Give back every record exactly, images excluded.

:: Source information ::

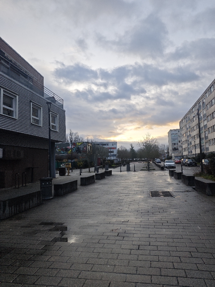 A cityscape presents a long, paved walkway lined with concrete benches and sparse trees. Buildings flank either side, one modern with corrugated metal and windows, the other a taller, multi-story apartment block. A graffiti-covered structure is visible further down the walkway. The sky is overcast with a golden light piercing through the clouds at the horizon. The pavement is wet, reflecting the ambient light. Cars are parked in the distance.
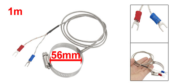 Product Name Thermocouple w Hoop Model WRNT-01 Type K Type Temperature Range 0-400C Hoop Ring Diameter 56mm / 2.2" Fork Terminal Spacing 4mm / 0.16" Fork Terminal Size 1 x 0.6cm / 0.4" x 0.2"(L*W) Cable Length 1m / 3.3ft External Shielding Metal Shield Color Silver Tone Net Weight 35g Package Content 1 x Thermocouple w Hoop - Reviews
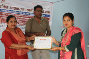 सामी परियोजनाका कक्षा सहभागिहरुलाई प्रमाण पत्र वितरण
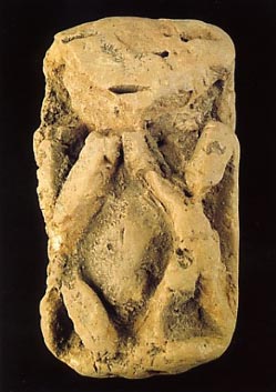 2255 - Vástago de pie de vasija fragmentado que representa una figura humana sede...
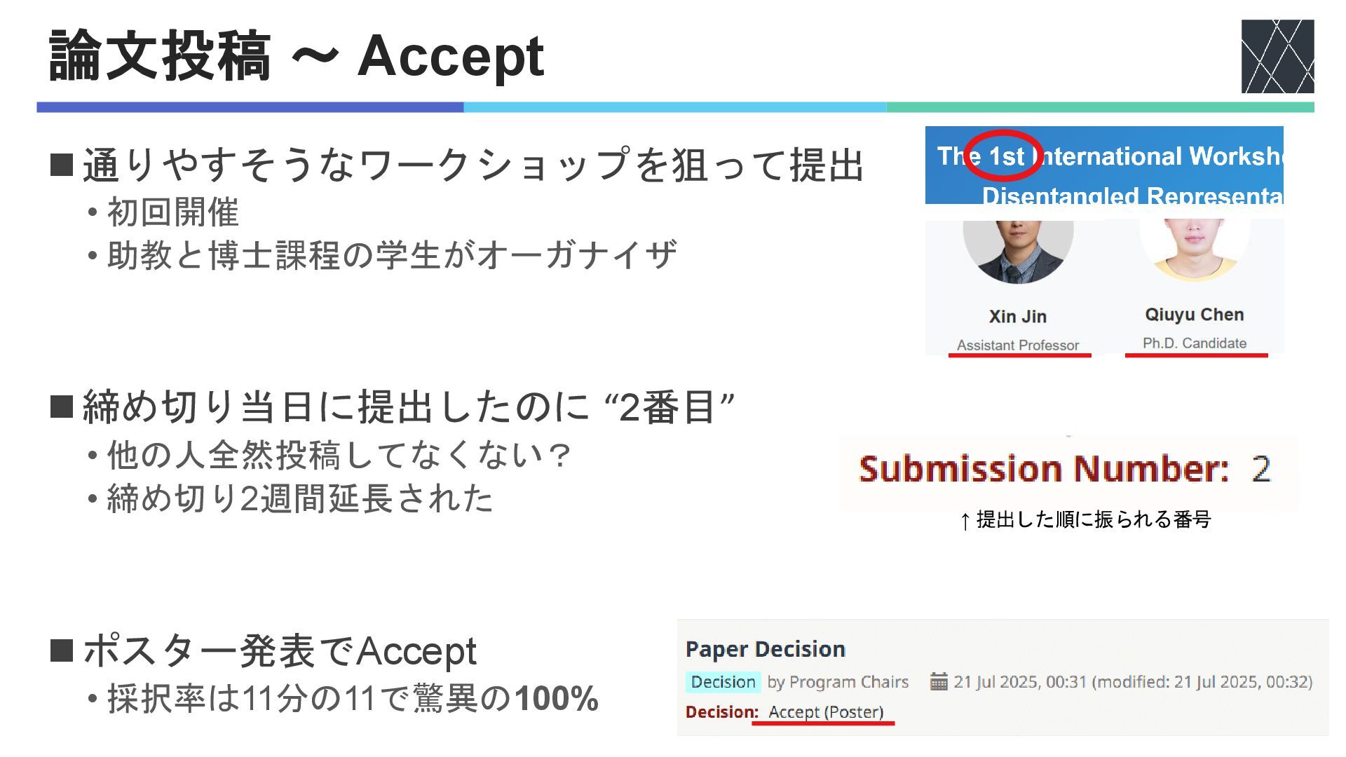 論文投稿 ~ Accept ◼通りやすそうなワークショップを狙って提出 • 初回開催 • 助教と博士課程の学生がオーガナイザ ◼締め切り当日に提出したのに “2番目”
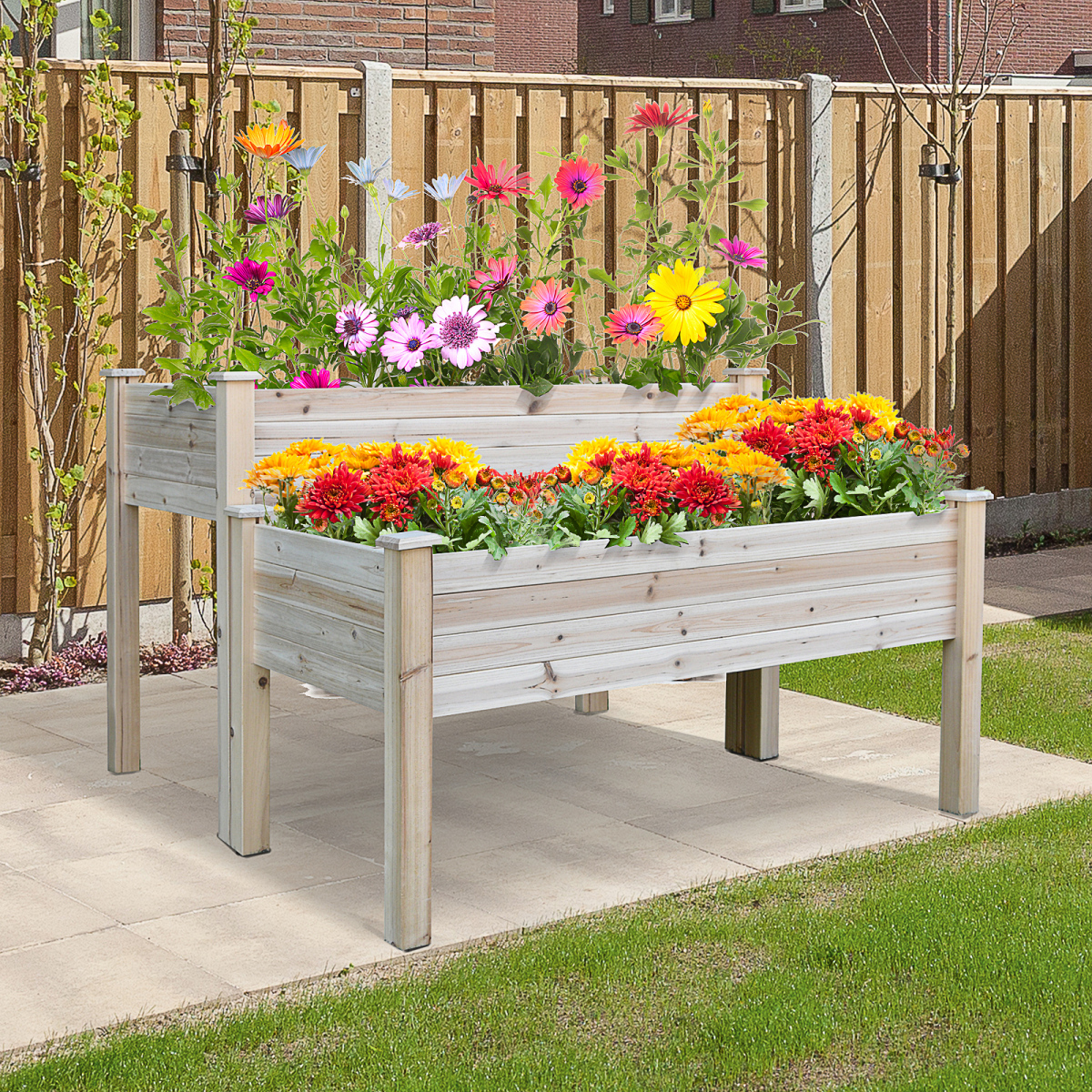 Let natural beauty lead the way in your garden this season with this raised bed planter from [BRAND NAME]. The two-tier design of our raised garden planter ensures flowers, vegetables, and herbs have plenty of room to grow. Meanwhile, the elevated levels of the plant bed means you won't have to bend down or strain your body while looking after your green friends. Our outdoor garden planters is made of fir wood frame to ensure a solid core. Great for growing indoors and outdoors.
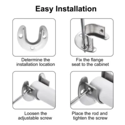 These stainless steel closet rod brackets are designed to provide reliable support for your wardrobe or curtain rods. Constructed from 204 stainless steel, they offer excellent hardness, load-bearing capacity, and corrosion resistance, ensuring long-lasting durability and a rust-proof finish. The U-shaped design allows for easy installation and quick removal of rods, accommodating a maximum diameter of 19mm (3/4 inch). These brackets are versatile and can be used with various types of pipes, such as stainless steel, solid wood, aluminum alloy, and PVC. Equipped with adjustable screws, they are easy to install by simply securing the screws in the bracket’s base holes. This ensures stability and prevents the rod from shaking or rotating. Ideal for use in closet storage, wardrobes, balcony drying areas, bathroom curtains, kitchen storage, and other storage spaces, these brackets offer a practical and economical solution for organizing your space.

:::

• Answer to this exercise
 A cityscape presents a long, paved walkway lined with concrete benches and sparse trees. Buildings flank either side, one modern with corrugated metal and windows, the other a taller, multi-story apartment block. A graffiti-covered structure is visible further down the walkway. The sky is overcast with a golden light piercing through the clouds at the horizon. The pavement is wet, reflecting the ambient light. Cars are parked in the distance.
 Product Name Thermocouple w Hoop Model WRNT-01 Type K Type Temperature Range 0-400C Hoop Ring Diameter 56mm / 2.2" Fork Terminal Spacing 4mm / 0.16" Fork Terminal Size 1 x 0.6cm / 0.4" x 0.2"(L*W) Cable Length 1m / 3.3ft External Shielding Metal Shield Color Silver Tone Net Weight 35g Package Content 1 x Thermocouple w Hoop - Reviews
 सामी परियोजनाका कक्षा सहभागिहरुलाई प्रमाण पत्र वितरण
 2255 - Vástago de pie de vasija fragmentado que representa una figura humana sede...
 論文投稿 ~ Accept ◼通りやすそうなワークショップを狙って提出 • 初回開催 • 助教と博士課程の学生がオーガナイザ ◼締め切り当日に提出したのに “2番目”
 Let natural beauty lead the way in your garden this season with this raised bed planter from [BRAND NAME]. The two-tier design of our raised garden planter ensures flowers, vegetables, and herbs have plenty of room to grow. Meanwhile, the elevated levels of the plant bed means you won't have to bend down or strain your body while looking after your green friends. Our outdoor garden planters is made of fir wood frame to ensure a solid core. Great for growing indoors and outdoors.
 These stainless steel closet rod brackets are designed to provide reliable support for your wardrobe or curtain rods. Constructed from 204 stainless steel, they offer excellent hardness, load-bearing capacity, and corrosion resistance, ensuring long-lasting durability and a rust-proof finish. The U-shaped design allows for easy installation and quick removal of rods, accommodating a maximum diameter of 19mm (3/4 inch). These brackets are versatile and can be used with various types of pipes, such as stainless steel, solid wood, aluminum alloy, and PVC. Equipped with adjustable screws, they are easy to install by simply securing the screws in the bracket’s base holes. This ensures stability and prevents the rod from shaking or rotating. Ideal for use in closet storage, wardrobes, balcony drying areas, bathroom curtains, kitchen storage, and other storage spaces, these brackets offer a practical and economical solution for organizing your space.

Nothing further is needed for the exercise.